AFF–EAFF Champions Trophy
- Organiser(s): AFF and EAFF
- Founded: 2018; 8 years ago
- Region: Asia
- Teams: 2

= AFF–EAFF Champions Trophy =

The AFF–EAFF Champions Trophy is a planned biennial football match organized by the ASEAN Football Federation (AFF) and the East Asian Football Federation (EAFF). It is contested by the reigning champions of the respective Asian international football competitions, the ASEAN Championship and the EAFF E-1 Football Championship.
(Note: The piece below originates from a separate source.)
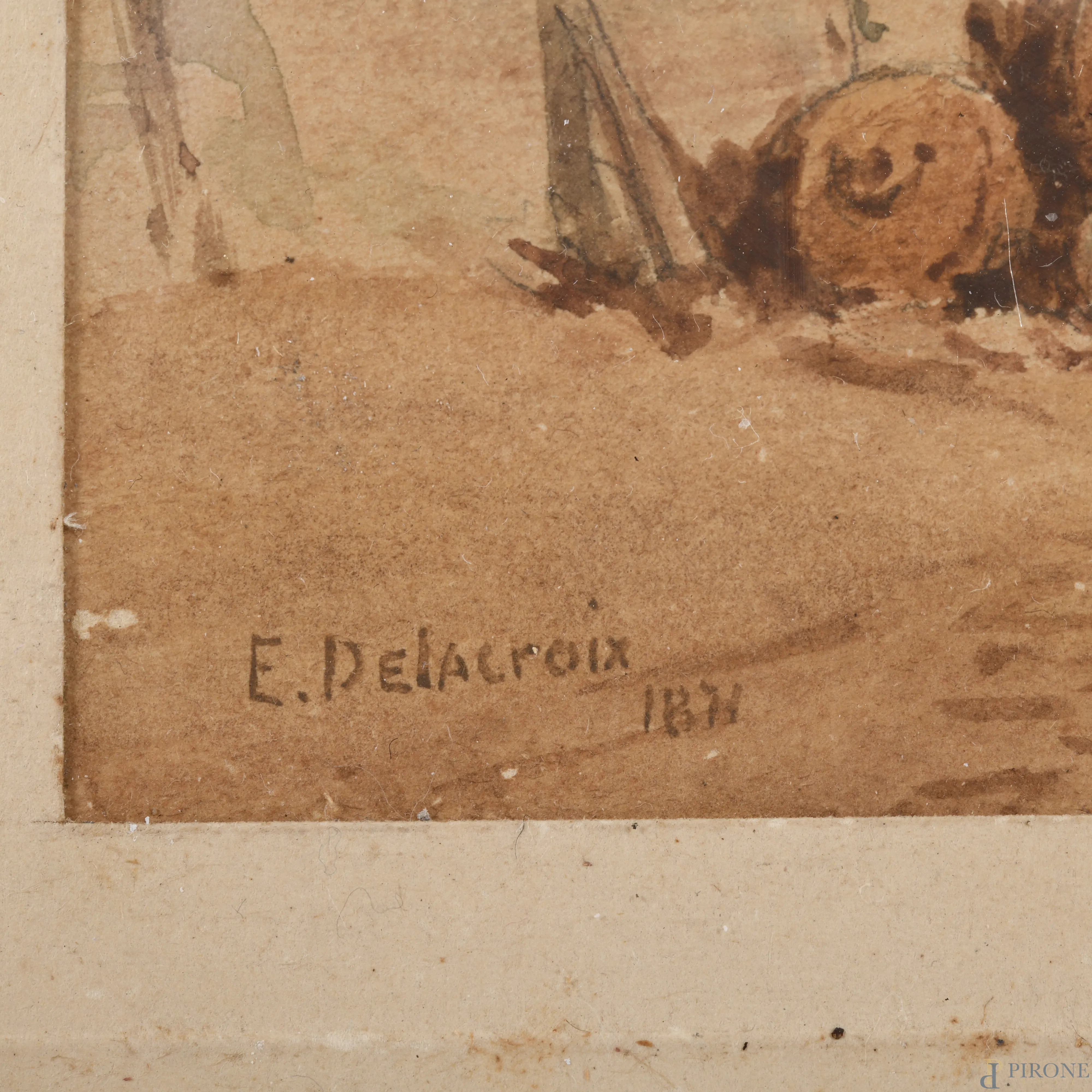 Sulla spiaggia, XIX secolo, tecnica mista su carta,cm 27x22 compreso passepartout, firmato e datato in basso a sinistra, entro cornice, (gore, tracce di umidità. Dietti, fori di tarlo)

It takes place during the FIFA international match window.

== History ==
The first AFF–EAFF Champions Trophy match, to be played on a single-match format, was initially scheduled to be held on 26 March 2019 at the Mỹ Đình National Stadium in Hanoi, Vietnam between the national football teams of Vietnam and South Korea. However, on 19 February 2019, it was announced that the inaugural AFF–EAFF Champions Trophy match would be postponed until an unclear date in 2020 after both contesting teams failed to settle on a date for the match within the 2019 calendar.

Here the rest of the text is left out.